→ **What you should do**: Transcribe the listing underneath, keeping each word exact and omitting the images.

→ **Data below**:
* * * * *
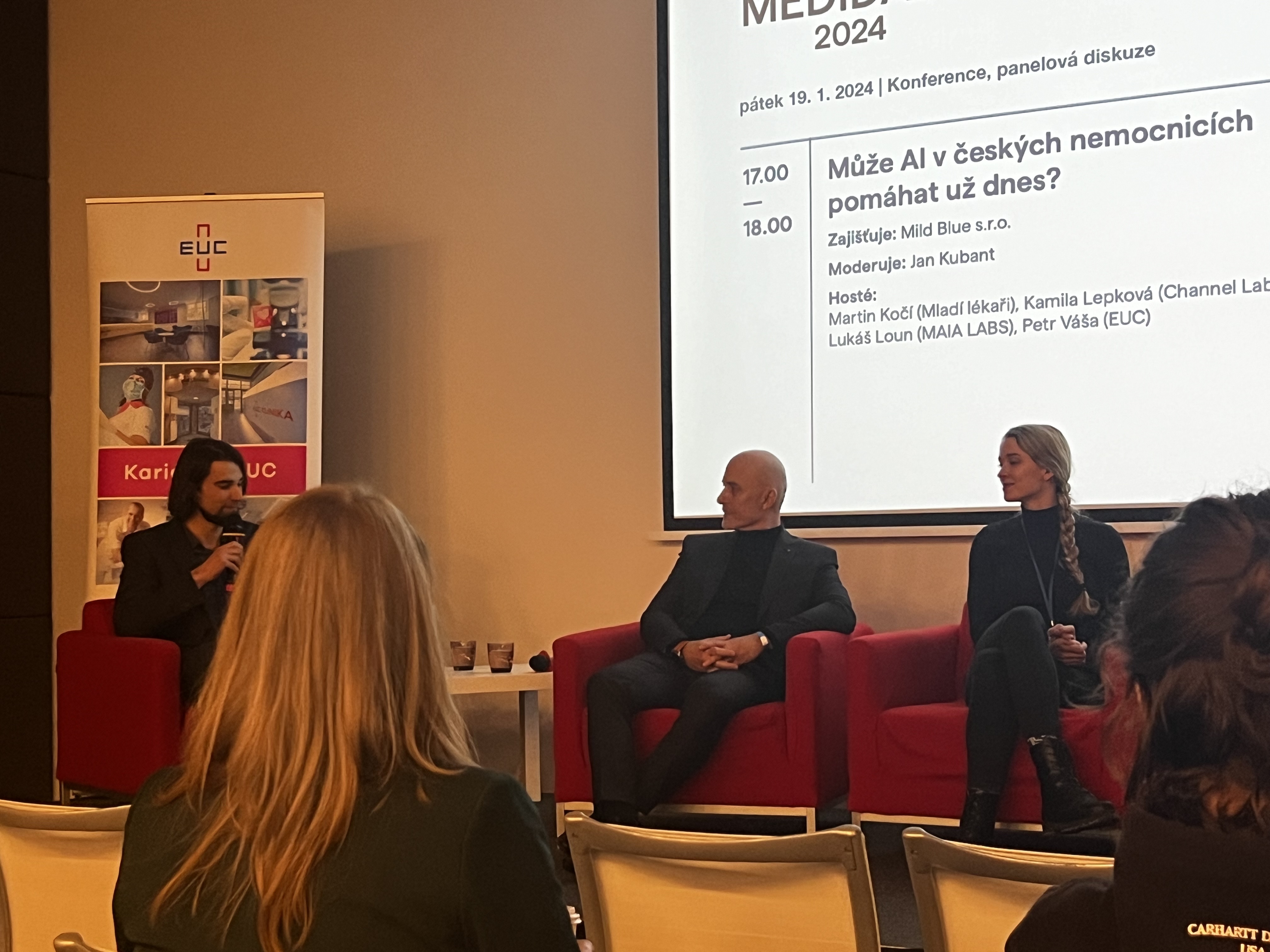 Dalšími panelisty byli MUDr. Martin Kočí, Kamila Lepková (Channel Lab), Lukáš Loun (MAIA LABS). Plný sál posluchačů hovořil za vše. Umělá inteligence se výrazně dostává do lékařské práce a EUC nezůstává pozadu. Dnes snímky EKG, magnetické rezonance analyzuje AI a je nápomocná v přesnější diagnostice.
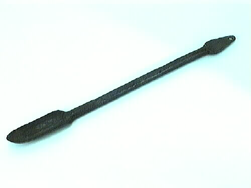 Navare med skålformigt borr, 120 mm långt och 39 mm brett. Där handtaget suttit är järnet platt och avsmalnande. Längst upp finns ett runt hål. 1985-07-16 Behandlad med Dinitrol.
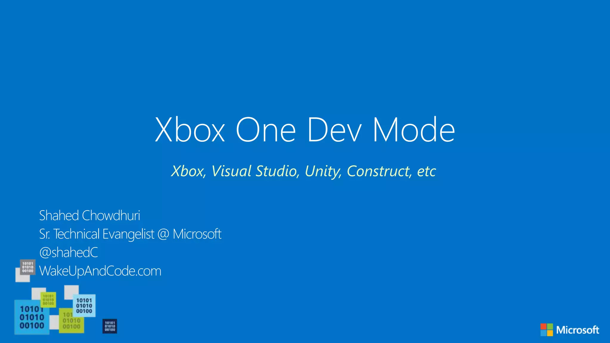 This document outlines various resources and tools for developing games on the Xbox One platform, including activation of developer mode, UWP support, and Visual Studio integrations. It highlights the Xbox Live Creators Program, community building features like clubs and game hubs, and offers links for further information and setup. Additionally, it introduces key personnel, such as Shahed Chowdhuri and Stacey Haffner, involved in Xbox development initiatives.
* * * * *
→ **Final answer**:
 Dalšími panelisty byli MUDr. Martin Kočí, Kamila Lepková (Channel Lab), Lukáš Loun (MAIA LABS). Plný sál posluchačů hovořil za vše. Umělá inteligence se výrazně dostává do lékařské práce a EUC nezůstává pozadu. Dnes snímky EKG, magnetické rezonance analyzuje AI a je nápomocná v přesnější diagnostice.
 Navare med skålformigt borr, 120 mm långt och 39 mm brett. Där handtaget suttit är järnet platt och avsmalnande. Längst upp finns ett runt hål. 1985-07-16 Behandlad med Dinitrol.
 This document outlines various resources and tools for developing games on the Xbox One platform, including activation of developer mode, UWP support, and Visual Studio integrations. It highlights the Xbox Live Creators Program, community building features like clubs and game hubs, and offers links for further information and setup. Additionally, it introduces key personnel, such as Shahed Chowdhuri and Stacey Haffner, involved in Xbox development initiatives.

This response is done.